Royalties are the part of the price of a book that actually goes to the author after all other costs and fees. So, it doesn’t mean authors wear crowns. Here’s a little taste of the business side of writing and publishing.

If you check out Sudden Mission and Nasty Leftovers on Amazon, Nook, or Kobo, you’ll see that the price for the e-book version is $2.99. This is, I think, a reasonable price for an e-book. The print/paperback editions, as published through IngramSpark, are $10.95. As a self-published author, I get to set the pricing at a point that seems reasonable to me. I collect a nominal amount of royalty for each sale and the sale prices cover the costs of printing and/or producing the books. Marketing or promotion comes out of the royalties (my pocket).

Amazon, and most of the other e-book sellers, pay the author or publisher up to 70 per cent of the price of an e-book as long as the price is between $2.99 and $9.99. That seems the sweet spot for e-books. I went to the lower end of the price structure simply because I want my books accessible, and I felt the percentage was enough to cover my own costs and effort.

Hybrid Publishing

Sudden Mission and Nasty Leftovers first came out published by a–now defunct–hybrid publisher, Booktrope. When I signed up with them, they set the price of the e-book editions at $3.99 and the paperback editions at $13.99. My royalty from Booktrope would be 30 percent. Since I assumed that Booktrope would manage the creation of the e-book format, print format, and some marketing–as well as editing and proofreading support–that amount seemed fair. With most hybrid publishers, that is generally the deal with authors. A 30 percent royalty and the hybrid gets the 40 percent cut. Assuming that the hybrid does the work expected and the quality is decent, that is a reasonable and fair deal.

Even at $3.99 for the e-book, that price supports the production and release of an e-book edition just fine. The overhead costs of producing an e-book is very low. Much more so that production and printing–even on-demand printing–of a paperback or hard cover book.

Unfortunately, hybrid publishing is a hard business. Publishers come and go on a regular basis and authors get left in the cold. One friend has been through several hybrids with her books, and she sells a lot more than I.

Traditional Publishing

So, why are some e-books priced at $13.99 and higher?

If you look at books on Amazon with e-book prices above $10, you’ll see the publishers are traditional publishing houses, generally out of New York City. You’ll see new books released in the hard cover first, as with most traditional publishing processes, and the e-book released at the same time at a price of $13 to $20. Considering that the costs to produce the e-book edition are the same as, say, Sudden Mission‘s e-book edition–that seems like a very high price.

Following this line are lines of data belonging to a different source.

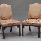 A pair of 20th century mahogany chairs, reproduced from an original in No. 10 Downing Street, London, the overstuffed seats and backs raised on blind fretwork block legs, height 150cm, width 61cm.
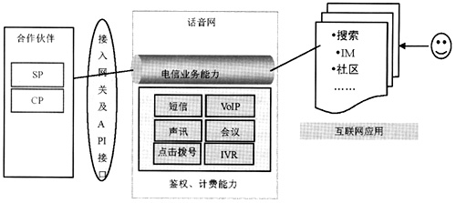 電信各種業(yè)務(wù)能力經(jīng)過(guò)封裝后以Web Services的方式向外開(kāi)放,由互聯(lián)網(wǎng)應(yīng)用調(diào)用這些服務(wù)能力,提供基于互聯(lián)網(wǎng)的新型話音型業(yè)務(wù),互聯(lián)網(wǎng)應(yīng)用提供商作為SP與電信運(yùn)營(yíng)商進(jìn)行收入分成,同時(shí)又有大量的CP作為新型話音應(yīng)用的內(nèi)容提供商加入價(jià)值鏈,運(yùn)營(yíng)商在價(jià)值鏈上充當(dāng)主導(dǎo)作用。
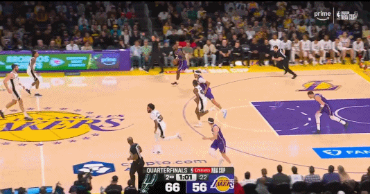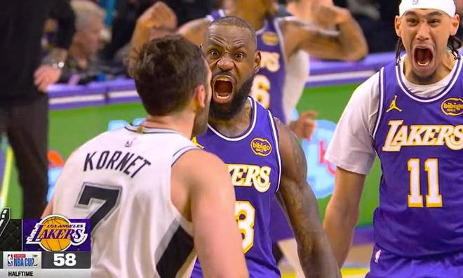 北京時間今日,在NBA杯1/4決賽中,洛杉磯湖人隊在主場119-132不敵圣安東尼奧馬刺隊,無緣杯賽四強。本場比賽,湖人隊球星勒布朗-詹姆斯出場36分26秒,14投7中得到了19分15籃板8助攻3蓋帽,三分球3投0中,罰球6中5,出現了3次失誤和2次犯規,正負值為-16。在第二節節末時段,詹姆斯曾完成了一次非常精彩的隔人暴扣,但最終沒能幫助球隊取得勝利。
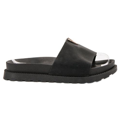 Klapki SHELOVET na 3-centymetrowej platformie to praktyczne buty dla kobiet. Doskonale sprawdzą się one jako obuwie domowe, zapewniając wygodę w czasie codziennego użytkowania. Komfort zwiększy również gumowa podeszwa z bieżnikiem. Jest to obuwie w kolorze czarnym, z ozdobnym wycięciem umieszczonym na pasku.

It is. You see, traditional publishing still follows the old model of producing a hard cover edition first, followed in a year or so by a paperback, maybe a trade paper, edition. Go to your local Barnes & Noble. How many hard cover copies of new books do you see going out the door? I’m talking the ones not on the bargain table. There are quite a few on the shelves, but they’ll get returned in a week or so when they don’t sell. The publisher will, if they are not damaged, re-sell them to other bookstores if they can. Eventually, the books that don’t sell get destroyed. Someone has to eat that cost.

But, traditional publishers figured out that if they release the e-book edition at the same time, the sales of the e-book will help subsidize the cost of producing–and later destroying–the hard cover edition. It’s a win-win for the traditional publisher, assuming the folks in the reading audience buy this concept.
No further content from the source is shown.